What you have to do
The part below that opens with the line containing "حذرت دراسة من أن" and closes with the line containing "This design draws" should be copied exactly, minus any pictures.

[Data items]
- Opening Delimiter -
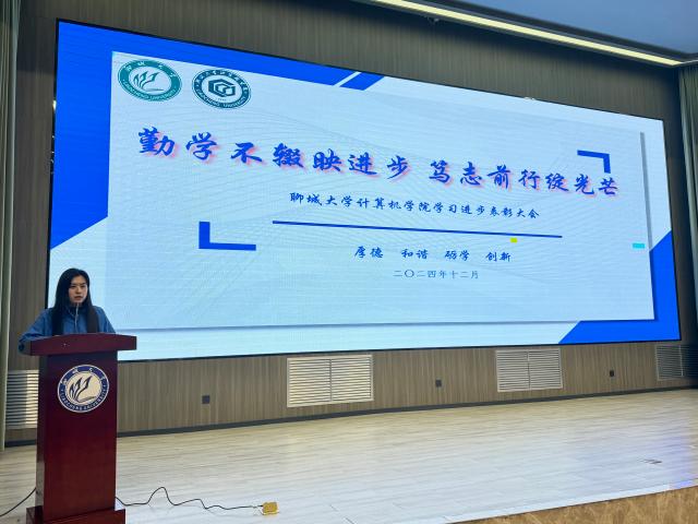 活動伊始,張雪宣讀本次表彰大會獲獎名單,其中共有66名同學獲得學習進步獎。大會上,學習進步獎獲獎學生代表進行發(fā)言,分享了自己在日常學習、生活過程中的心得體會。從克服困難的勇氣到堅持不懈的努力,從團隊合作的力量到自我超越的喜悅,每一個故事都激勵著在場的每一個人。他們的發(fā)言,不僅是對過去成績的回顧,更是對未來挑戰(zhàn)的宣誓,展現(xiàn)了計算機學院學子不畏艱難、勇往直前的精神風貌。最后,楊磊發(fā)表講話,他首先對獲獎的同學表示熱烈的祝賀,并且強調學習進步對于個人成長和學院發(fā)展的重要性,鼓勵所有學生以受表彰的同學為榜樣,不畏艱難,勇于挑戰(zhàn),持續(xù)追求卓越。同時在保證學習的前提下,注重身體素質的提升,利用課余時間進行體育鍛煉,也要培養(yǎng)、提升個人創(chuàng)新意識和實踐能力,實現(xiàn)高質量全面發(fā)展。
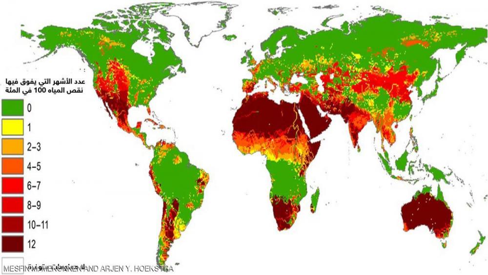 حذرت دراسة من أن نحو 4 بلايين إنسان، أي نحو ثلثي سكان العالم يواجهون نقصاً حاداً في المياه خلال شهر واحد من أشهر السنة على الأقل، مصنفة
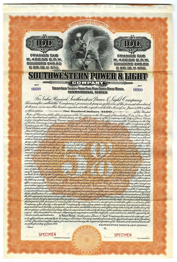 Maine. $100 - 518 Francs - Specimen 5% International Series 1st Lien Gold Coupon Bond, Black print on orange border and under tint, Allegorical figure at top with a torch, Specimen overprints and POC's, Fine-VF condition, ABNC.
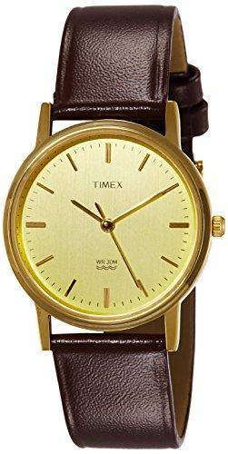 Timex Classic Analog Gold Dial Men's Watch comes with a brown strap which is made of pure leather and is sure to serve a long time even after regular use. This regular watch comes with a 7.5mm thick back-case which is made of stainless steel. The diameter of the back-case is 35millimetres. The lugs and the bezel are golden in colour just like the face of the dial which holds the same base shade. The hours are indicated on the dial by stick markers. For additional authentication, the brand logo is printed in black just below the 12-hour mark. Since this watch is designed for regular use, it is expected to go through wear and tear. To ensure that the dial doesnt get tampered in any way, a tough crystalline glass is there at the top as a cover for the dial. On top of everything, this quartz-run wrist-watch is water-resistant and remains unaffected up to 30meters under the water. Buy this elegant piece of wonder and travel back to the vintage years.
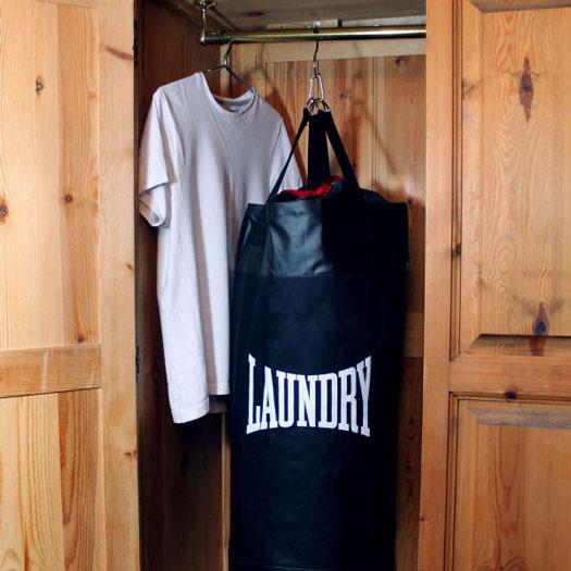 - - Laundry bag disguised as a classic boxing gym punch bag.
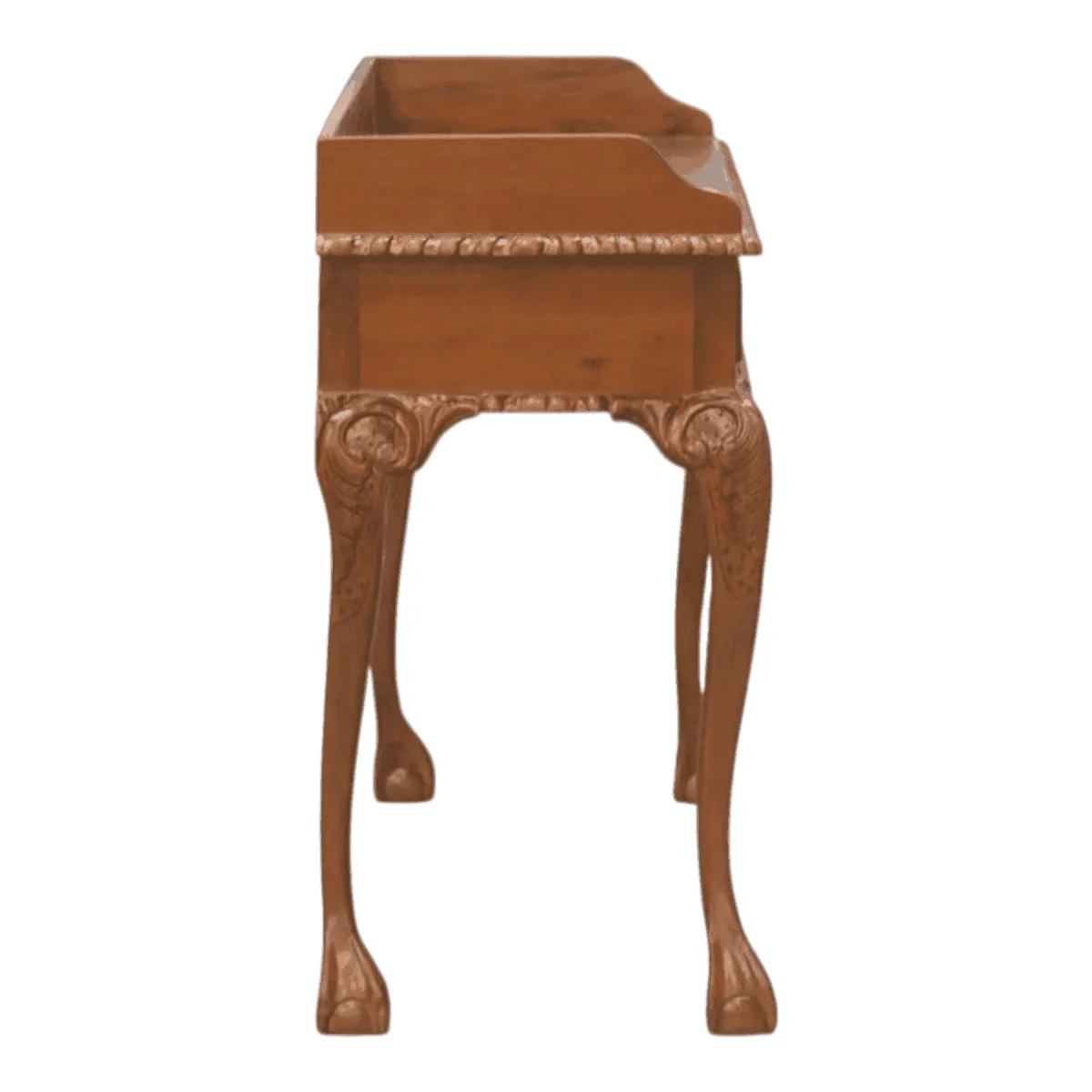 This design draws upon Queen Anne influences focusing on the S-curve leg line and the functional elegance of the gallery top It serves as a transitional piece that bridges the gap between heavy storage furniture and delicate display tables
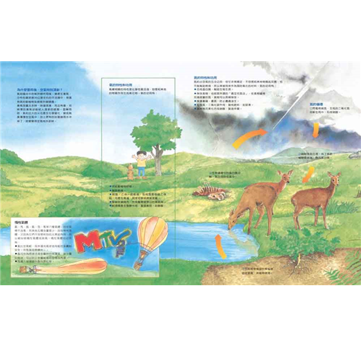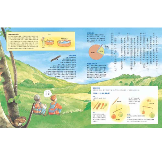 ■特別要強調的是,這套書完全是用圖像來表現的。因為我們相信:知識性、科學性的讀物,用圖畫更能引起孩子閱讀的興趣,也更能達到理解的目的。所以,每一單元都設計有「漫畫」和「跨頁解說圖」兩部分。「漫畫」部分是將該單元概念轉換成二~四頁的趣味情節,讓孩子在看漫畫中不知不覺得到知識;若能因而激發他深入探究的興趣,則可繼續翻開「跨頁解說圖」,藉由精密寫實的彩圖或實驗,循序漸進的引導文字,解答心中的疑惑,獲得更完整、更清晰的科學知識。
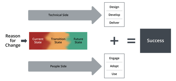 Prosci's Unified Value Proposition model provides a framework that identifies the key elements of implementing a change within an organization. The Unified Value Proposition shows how the technical side of change (project management) and people side of change (change management) must come together to ultimately deliver success for a change initiative. Success is defined as meeting or exceeding project objectives and realizing organizational benefits.
- Closing Delimiter -
Finished task
 حذرت دراسة من أن نحو 4 بلايين إنسان، أي نحو ثلثي سكان العالم يواجهون نقصاً حاداً في المياه خلال شهر واحد من أشهر السنة على الأقل، مصنفة
 Maine. $100 - 518 Francs - Specimen 5% International Series 1st Lien Gold Coupon Bond, Black print on orange border and under tint, Allegorical figure at top with a torch, Specimen overprints and POC's, Fine-VF condition, ABNC.
 Timex Classic Analog Gold Dial Men's Watch comes with a brown strap which is made of pure leather and is sure to serve a long time even after regular use. This regular watch comes with a 7.5mm thick back-case which is made of stainless steel. The diameter of the back-case is 35millimetres. The lugs and the bezel are golden in colour just like the face of the dial which holds the same base shade. The hours are indicated on the dial by stick markers. For additional authentication, the brand logo is printed in black just below the 12-hour mark. Since this watch is designed for regular use, it is expected to go through wear and tear. To ensure that the dial doesnt get tampered in any way, a tough crystalline glass is there at the top as a cover for the dial. On top of everything, this quartz-run wrist-watch is water-resistant and remains unaffected up to 30meters under the water. Buy this elegant piece of wonder and travel back to the vintage years.
 - - Laundry bag disguised as a classic boxing gym punch bag.
 This design draws upon Queen Anne influences focusing on the S-curve leg line and the functional elegance of the gallery top It serves as a transitional piece that bridges the gap between heavy storage furniture and delicate display tables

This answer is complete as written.